Il comandante e proprietario della Nave Bianca si chiamava Thomas FitzStephen ed era orgoglioso di possedere una imbarcazione così veloce e moderna. Anche suo padre, che si chiamava Stephen FitzAirard, era stato capitano e proprietario di una nave che si chiamava Mora e che era stata al servizio di Guglielmo il Conquistatore.
Quella notte, novecento anni fa, il figlio Thomas FitzStephen pensò che sarebbe stato molto bello ospitare a bordo della propria nave il re Enrico I, che dalla Normandia doveva fare ritorno in Inghilterra. Purtroppo, il re aveva già organizzato il proprio rimpatrio a bordo di un’altra imbarcazione, e quindi declinò l’invito; ma suggerì che la Nave Bianca avrebbe potuto seguire la sua, ospitando il proprio figlio Guglielmo ed il resto della nobiltà che dovevano compiere lo stesso tragitto. E così fu.
Guglielmo guardò il cielo, ed era sereno; guardò il mare, ed era calmo; guardò l’equipaggio, che gli chiese del vino, e gliene fornì in grande abbondanza. Il percorso era breve, poco più di sessanta miglia marine, e la possibilità di raggiungere e superare la nave del re suo padre, lo indusse a chiedere al capitano Thomas FitzStephen di levare immediatamente l’ancora.

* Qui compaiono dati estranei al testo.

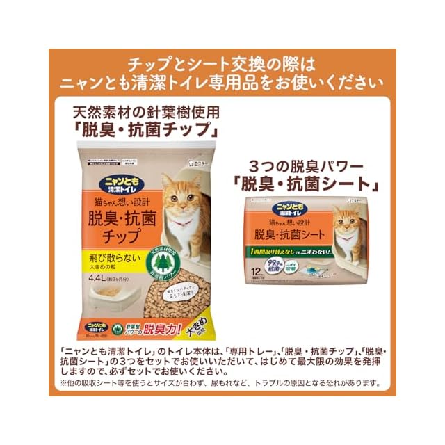 【1週間取り替えなしでもニオわない! 】ニャンとも清潔トイレ専用のチップとシートでダブル脱臭&抗菌※すべての菌の増殖を抑制するわけではありません

Questi ubbidì, ma non prima di aver lasciato a terra un bel po’ di gente, che le libagioni erano state abbondanti, e nella sua nave non voleva troppa confusione. Nonostante questo, tra ospiti e marinai, c’erano più di trecento persone, e il clima era allegro.
Durò poco, giusto il tempo di fare qualche centinaia di metri, e di andare a schiantarsi contro uno scoglio che affiorava al largo di Barfleur, e che fece rapidamente affondare la nave. Fu una strage. Guglielmo, il figlio del re, si sarebbe anche potuto salvare, a bordo di una barchetta che provvidenziale era giunta da riva in suo aiuto; ma le grida della sorella Matilde, che stava per affogare, lo indussero a tornare indietro, e in mezzo alla confusione, chi si attaccava da una parte, chi tirava dall’altra, anche questa barchetta affondò portando negli abissi il figlio del re.
Thomas FitzStephen, che aveva assistito alla scena tenacemente attaccato ad un pezzo di legno, preferì lasciarsi andare, piuttosto che dover raccontare al re della morte del suo caro figlio e morì anch’esso, come quasi tutti quelli che erano a bordo della nave.
Solo due persone si salvarono. Una era un nobile, che si chiamava Geoffrey de l’Aigle, e che avrebbe raccontato in seguito tutti i dettagli di quella tragica notte; l’altro era un macellaio, che si chiamava Berold, e che su quella nave nemmeno avrebbe dovuto esserci: era salito a bordo solo per reclamare il pagamento di una fornitura di carne, e in mezzo alla confusione, non si era accorto che la nave era salpata e che ormai era tardi per scendere. Si salvò dal freddo gelido di quella notte solo grazie al suo abito di pelo di montone, che lo protesse dall’ipotermia.
Il naufragio della Nave Bianca, avvenuto sulle coste della Normandia la notte del 25 novembre 1120, ebbe come conseguenza un periodo di anarchia nella storia inglese. Oggi, di fronte a quello scoglio, c’è un campeggio che ai suoi ospiti, fra le altre attività, propone una gita in barca, sorseggiando del buon vino.